When I first started making electrostatic cells I used epoxy, specifically Devcon 2 Ton epoxy. This was the glue that was recommended in Roger Sanders' articles; in fact, I believe he states in one of these articles that epoxy is really the only adhesive that can be used for this purpose. The reason for this assertion is that air circulation is required for other adhesives to cure, whereas in ESL fabrication we press things together so tightly that air cannot get to the glue. Therefore epoxy, which does not require air to cure, is the only choice.

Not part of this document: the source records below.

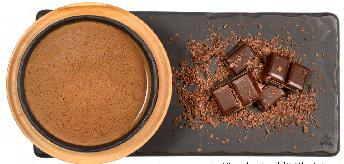
Ciocolată caldă Clasică
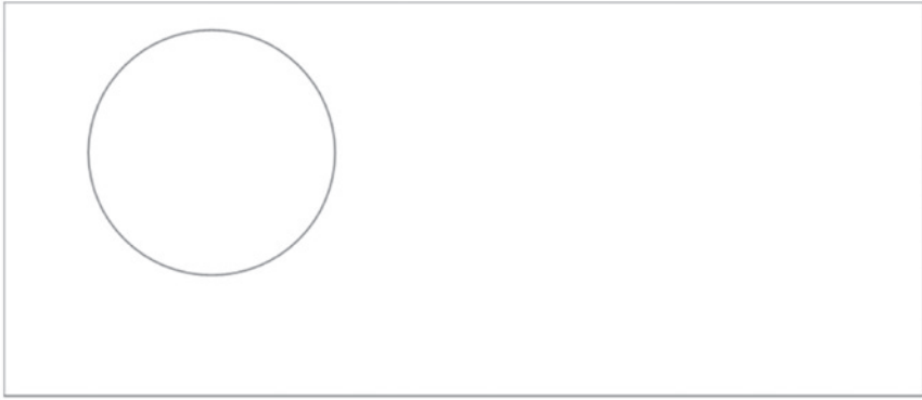
Figure 1 : Visage de fin de séance vierge

En tant que thérapeutes, nous réalisons également un visage de fin de séance, ce qui permet de renommer parfois certains moments qui ont été perçus comme plus angoissants ou plus éprouvants émotionnellement durant la séance. Cela nous permet également de
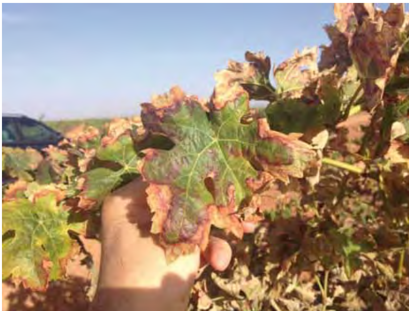
Daños provocados tras sucesivas picaduras.

Desde el Departamento de Gestión Agrícola de la Sección de Vinos de Dcoop, se ha aconsejado para aquellas parcelas en las cuales el ataque ha sido temprano (principios de Agosto) que se hiciera un tratamiento a base de Imidacloprid al 20%, siempre y cuando transcurrieran al menos 14 días desde el tratamiento a la fecha de cosecha, ya que es el plazo de seguridad con el que cuenta el producto. Para los ataques tardíos, la recomendación está sien-

Unfortunately, there is a problem with epoxy. It works fine to bond the stators to the plastic insulators, but it does not bond very well to the diaphragm. It can work, and I was able to make cells that lasted for years, but there was a high failure rate, and I had to be very careful not to accidentally detach the diaphragm from the plastic insulators.
Instead, I recommend using polyurethane glue. There are many different varieties of polyurethane glue, for example Gorilla Glue and Elmer's Ultimate Glue; unfortunately I have not done much experimenting to identify which brands will work well for ESL fabrication. Instead I use a polyurethane glue available from ER Audio; it is expensive, but I know that it works well. Even if you don't buy their glue, you should look around their site since they specialize in electrostatics and carry many items that are of interest to ESL hobbyists.
ER Audio actually carries two different kinds of polyurethane glue for electrostatics, and I have tried both of them. There is one available in a 100ml bottle simply called Polyurethane, and another glue in a 20g applicator bottle that is referred to as Diaphragm Adhesive. The Diaphragm Adhesive will bond the diaphragm to the stators, but it tends to come out in big drops and I find it difficult to control during application. The 100ml Polyurethane, on the other hand, will bond both diaphragm to spacer and spacer to stator quite well, so I ended up using the 100ml Polyurethane glue exclusively.
The only problem with the 100ml Polyurethane is that ER Audio delivers it in a bottle without any applicator tip. The reason is that they expect the glue to be poured out and applied with rollers. To me, this method would be messy and wasteful of glue; what I want is to apply a very thin bead in the areas to be bonded.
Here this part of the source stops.